15 Sep Interview with Moshe Vollach
What is your experience with Arte Laguna – was it easy to decide with which works to apply, to fill the form, what were your emotions when this global lockdown changed the plan for visiting the opening in Venice, and what did you feel when you heard your name as a winner?
My experience with Arte Laguna was good and grew better as I realized how forthcoming the team are and how willing to try and advance my visibility in the global art scene. I applied twice, the first time to the 13th addition. I passed the first selection stage but my works were not accepted to the final stage. I immediately decided to try again the next year with the same art works that I firmly believed in their merits and succeeded to be a finalist and now very happily so, one of the overall winners. The technical process is easy, accessible and inviting. If you are not well versed in English get help but don’t give up, it is a user friendly registration process. You can always get a prompt reply and assistance to any question or difficulty from the Arte Laguna team on line and also by phone. It has strengthened my credo of never giving up – believe in yourself and in your art and persevere in your efforts to find a proper stage to show it to the world.[/vc_column_text]

When the corona crisis cancelled the happy plans to celebrate in the opening of the Arte Laguna Prize event I was very sad, but much more than that, my emotions went in support of the Italian people and their harsh battle against the virus. I was horrified by the unbelievable number of victims of the virus and the devastating economic, social and emotional impact on the country and the world. The finalists’ disappointment in light of the enormity of this global horrific event is not important. I am again grateful and impressed by the way the Arte Laguna team managed to hold on to the group and the event via online means and sustain the spirit of the occasion and its core – world cooperation and assembly around a unifying positive issue – Art and social advancement.
When I heard my name as an overall winner I was overjoyed and very gratified. I stand proud and firm behind my artwork 31 cubes and the messages it holds and was very happy that through this win many people will be exposed to the art work and its’ messages.
Your art work 31 cubes – It took you 3 years to solve technical, logistical and financial difficulties – can you tell us more about preparation and the production process.
In January 2013 I embarked on a project of three artworks that discuss the relations between matter, space and time as well as the memory of matter and space. The first artwork was executed in June 2013. I placed an unauthorized conceptual artwork in one of the most prominent 20th century art halls of the Israeli Museum, Jerusalem.
This artwork refers to the memory of the space along the time axis, based on Henri Bergson’s perception of space and time. My work relates to all the artworks, curators, visitors, museum staff and the interactions that took place in this hall – past present and future. The artwork went un-detected for 3 weeks and then was removed from the hall.

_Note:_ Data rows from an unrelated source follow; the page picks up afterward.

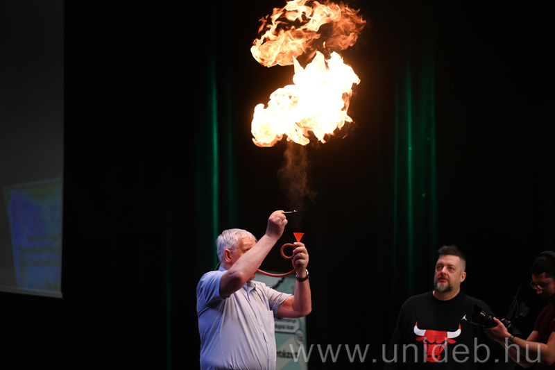 Az ország legismertebb fizikatanára, Härtlein Károly – ahogy alig több mint egy hónapja – ezúttal is úgy mutatta be a fizikát, ahogy bárki megszeretheti, megértheti. Főként azok a 6-12. évfolyamos diákok, akik most is lélegzet-visszafojtva figyelték a látványos kísérleteket.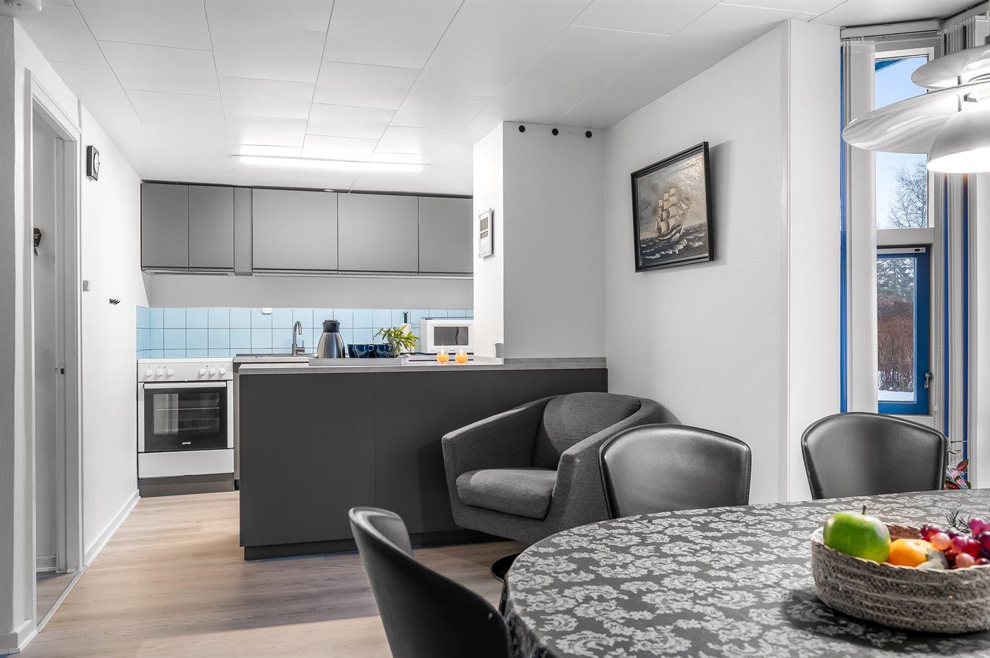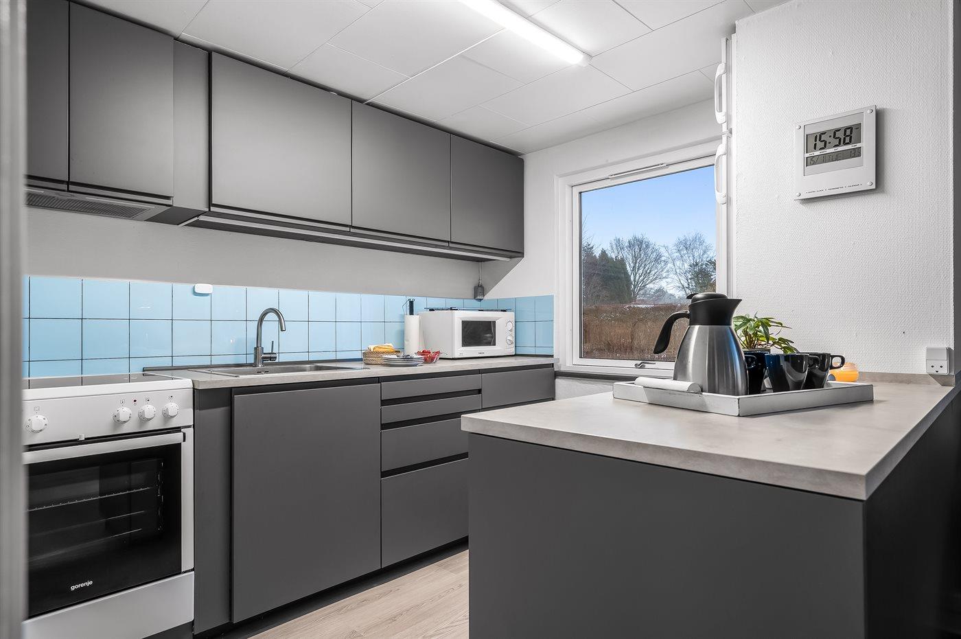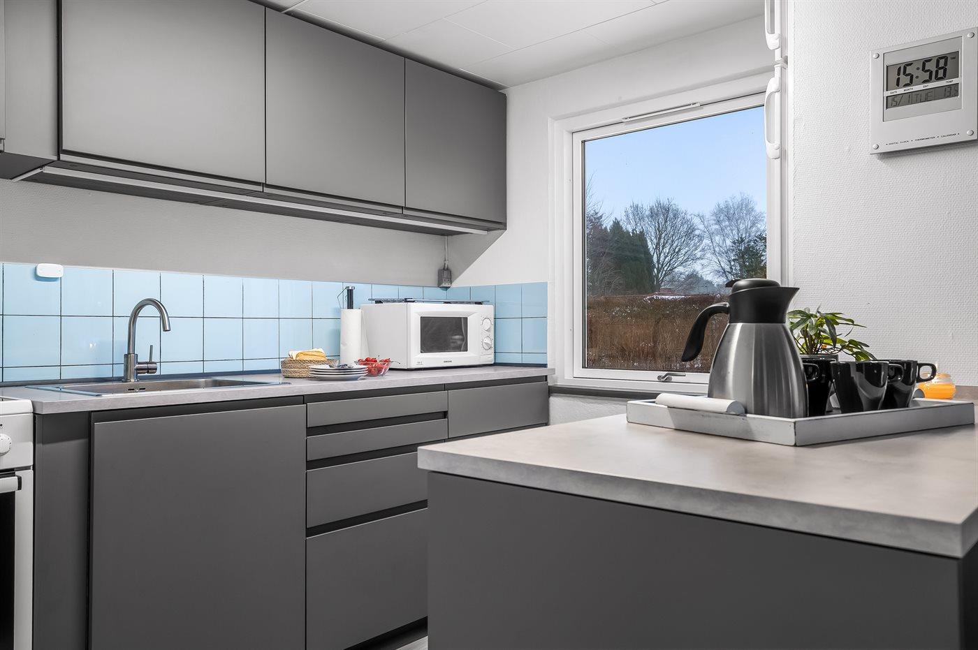 Køkkenet er udstyret med 1 køleskab. Der er 4 keramiske kogeplader, varmluftovn, mikrobølgeovn samt opvaskemaskine.
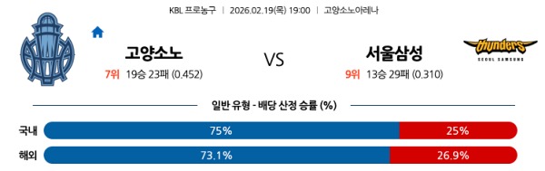 2월19일 고양 소노 vs 서울 삼성 토토분석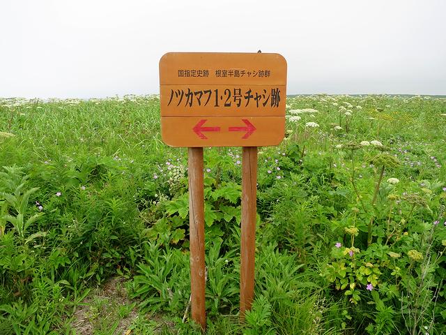 で、この後、納沙布岬に行ってから、チャシ跡巡りをスタート。本来なら国指定史跡24カ所を全部回ってみたかったのですが、今回は見学用の設備が整備されているヲンネモトチャシ跡とノツカマフチャシ跡の2カ所だけまわることにしました。っていうか、草生い茂る夏場は、チャシ跡見学に適さない季節たったりするんですよね。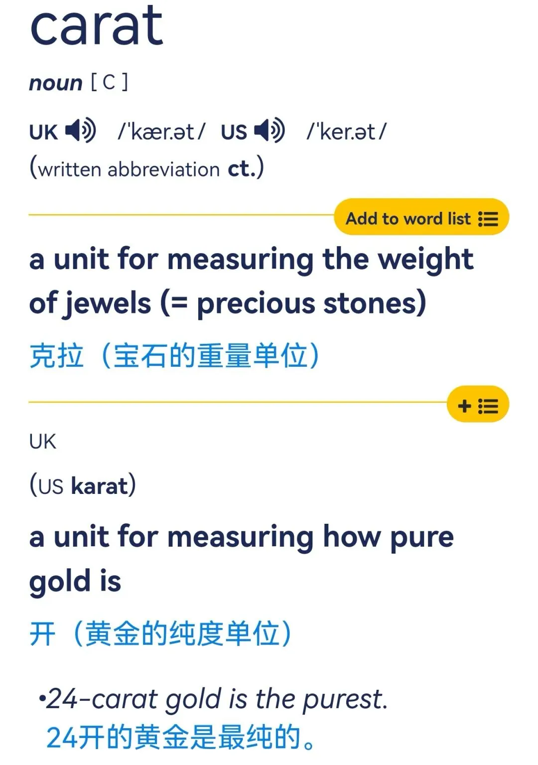 Carat(克拉)是衡量宝石(尤其是钻石)重量的单位。钻石象征婚姻和永恒,所以用“克拉”来代指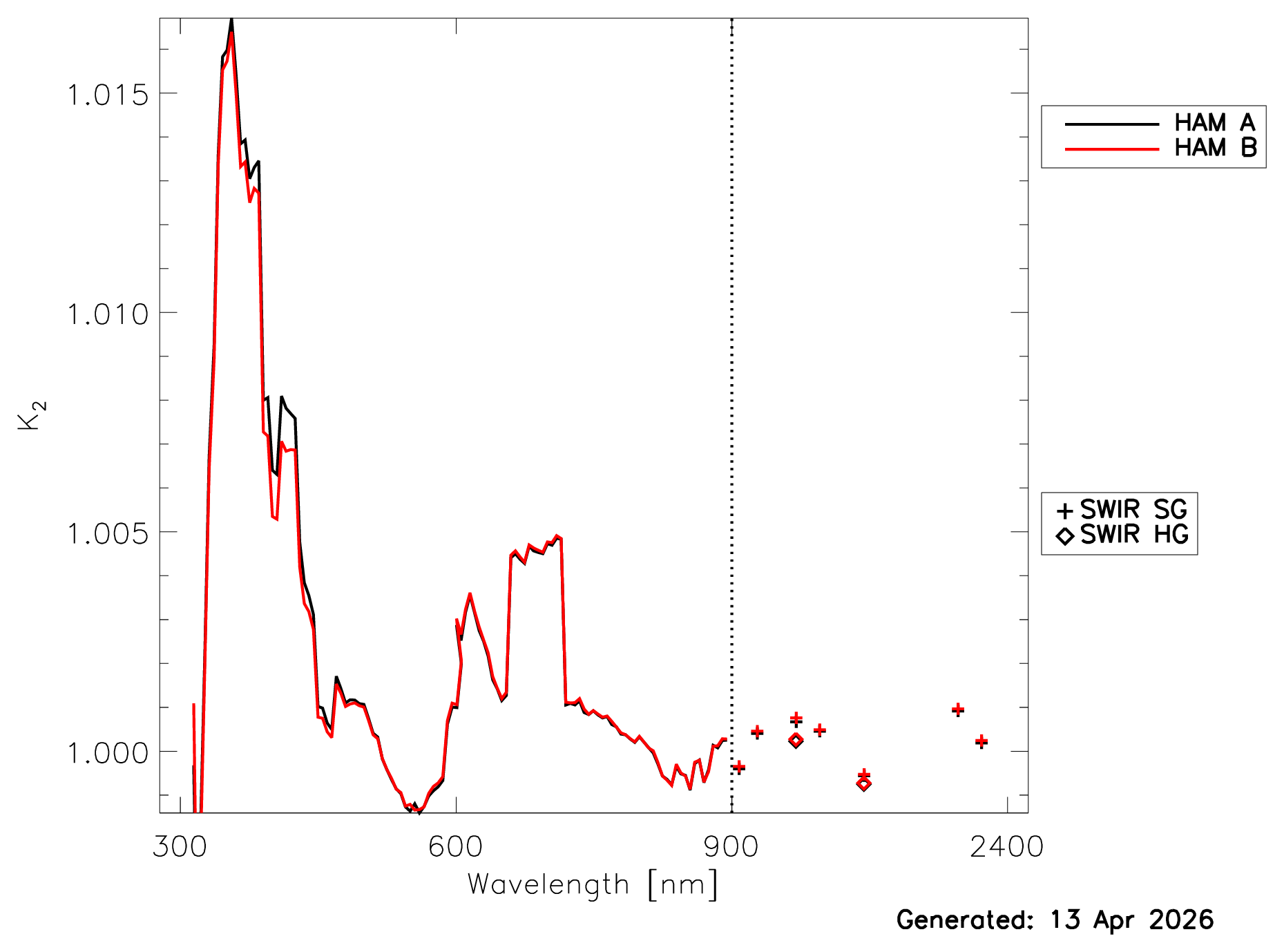 Fig. 2a shows the most recent on-orbit measurements of K2. K2 is plotted as a function of time for each OCI band (threshold spectral aggregation) in this PDF file.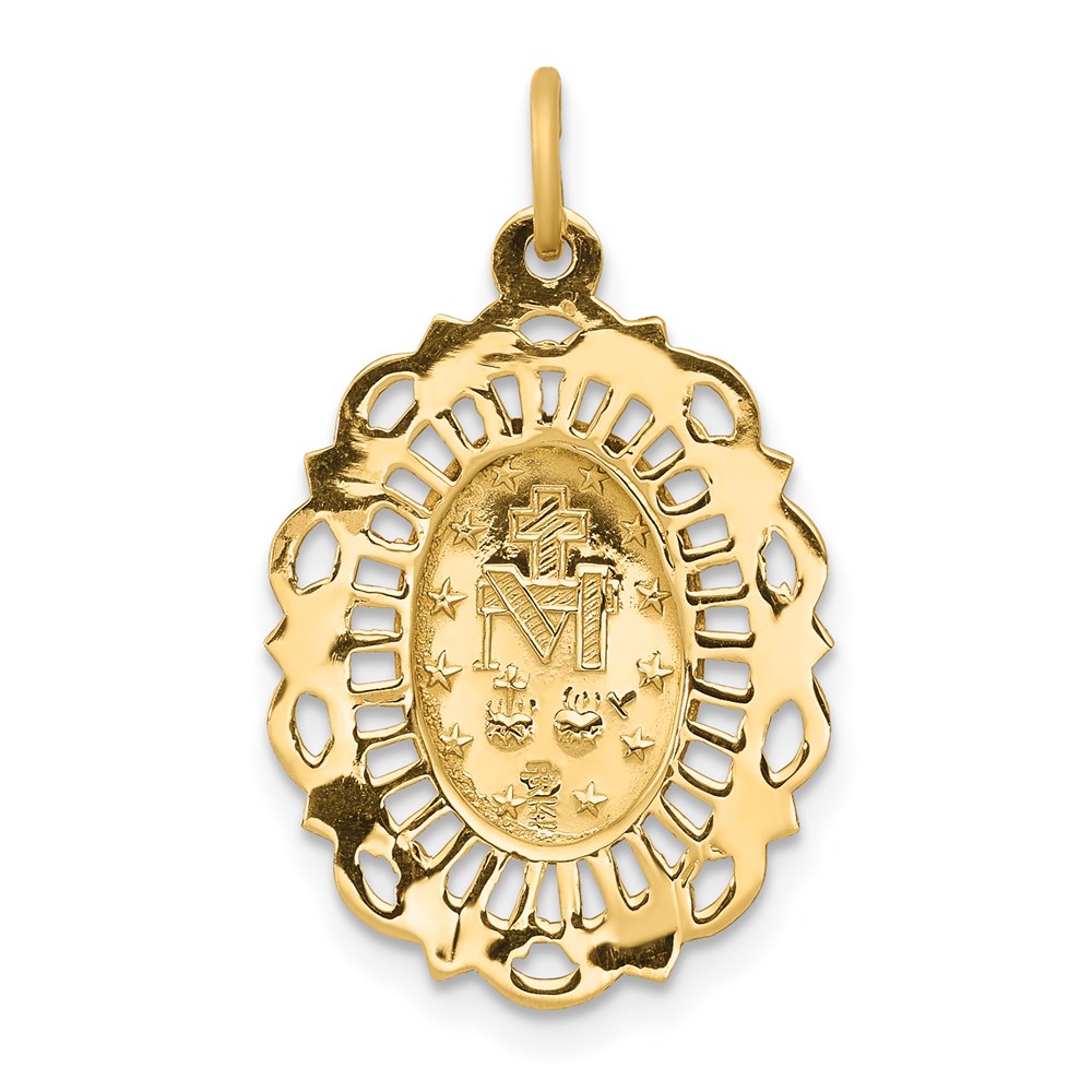 14k Polished and Satin Solid Miraculous Medal Scalloped Edge Oval Pendant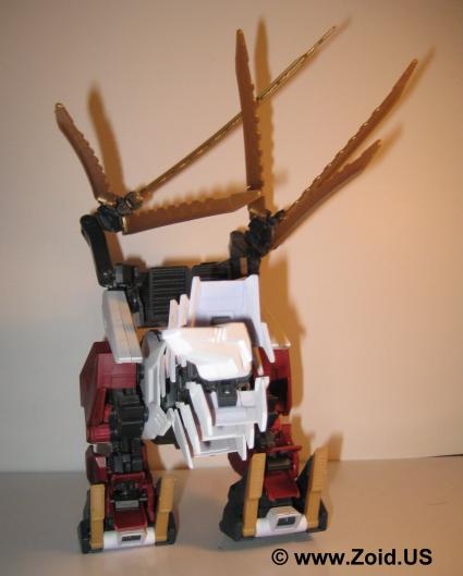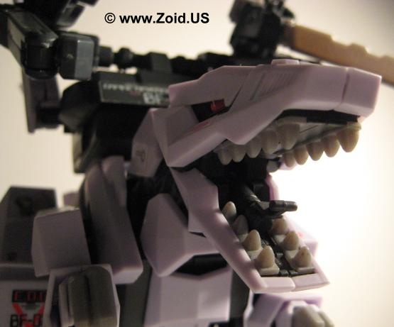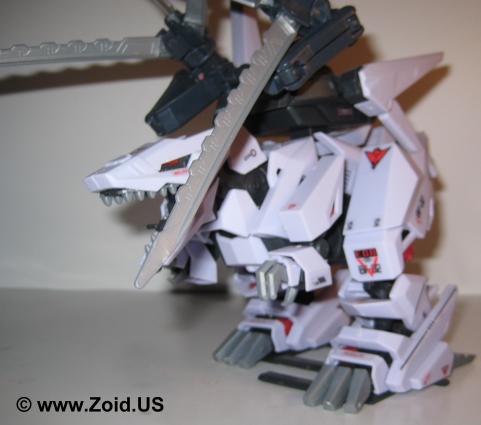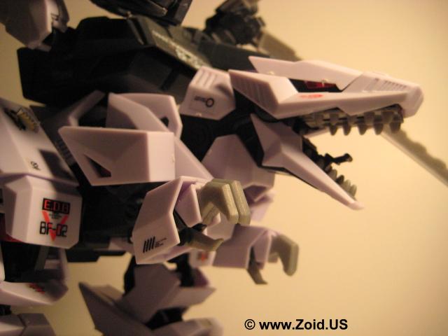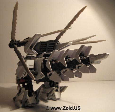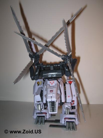Another similarity Berserk Fury shares with the Death Saurer is it's ability to mount and use the dreaded Charged Particle Cannon. It's secondary weapons are a pair of highly visible claws known as Buster Claws (and deemed by fans as "egg beaters"). Each claw possesses not only one but three distinct abilities. The first function is to act as a powerful beam cannon when the Charged Particle Cannon cannot be used, or in support of said cannon. The secondary function is to provide defense by enabling the unit to enact an "ES" or Electrical Shield first seen on shield like and later seen on Zoids like Gojulas Giga. Last but far from least the Buster Claws enable the Berserk Fury to channel energy into the Charged Particle Cannon to further enhance it's devastating effects.

The second work is – “31 cubes”. It took me three years to solve the technical logistic and financial difficulties involved in such a project. I had to work out solutions for freezing the cubes, storing them, finding the perfect location in the Negev desert, transporting the cubes to the chosen location, positioning them correctly. Planning and executing the documentation process: the photography and editing.


Why 61 cubes? why this quantity and why these dimensions?
What this artwork is telling us about?
31, π x π x π, cubes aligned, π distanced from each other.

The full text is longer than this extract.